Description of the task:
What is needed is an exact reproduction of the lines from the one that contains "Elegant luggage tag" through the end of the data, both included and nothing else, with pictures omitted.

Supplied data:

#####

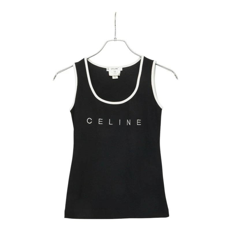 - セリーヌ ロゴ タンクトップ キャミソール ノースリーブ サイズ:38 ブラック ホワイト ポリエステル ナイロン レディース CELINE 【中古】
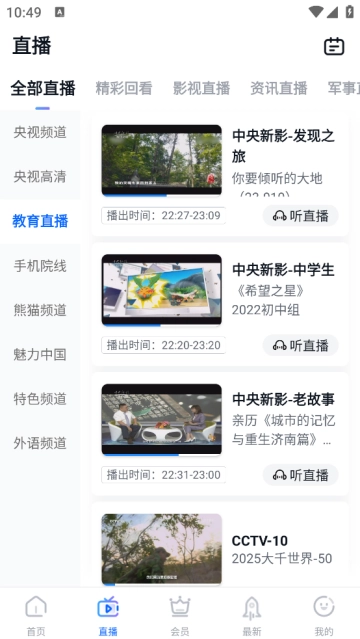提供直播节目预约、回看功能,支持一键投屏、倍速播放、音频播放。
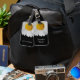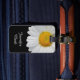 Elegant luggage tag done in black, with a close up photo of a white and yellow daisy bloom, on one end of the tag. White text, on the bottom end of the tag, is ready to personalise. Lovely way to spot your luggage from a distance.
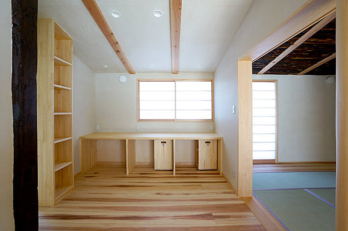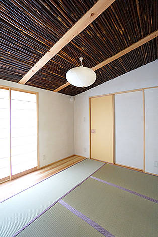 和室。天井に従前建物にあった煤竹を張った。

#####

Task result:
 Elegant luggage tag done in black, with a close up photo of a white and yellow daisy bloom, on one end of the tag. White text, on the bottom end of the tag, is ready to personalise. Lovely way to spot your luggage from a distance.
 和室。天井に従前建物にあった煤竹を張った。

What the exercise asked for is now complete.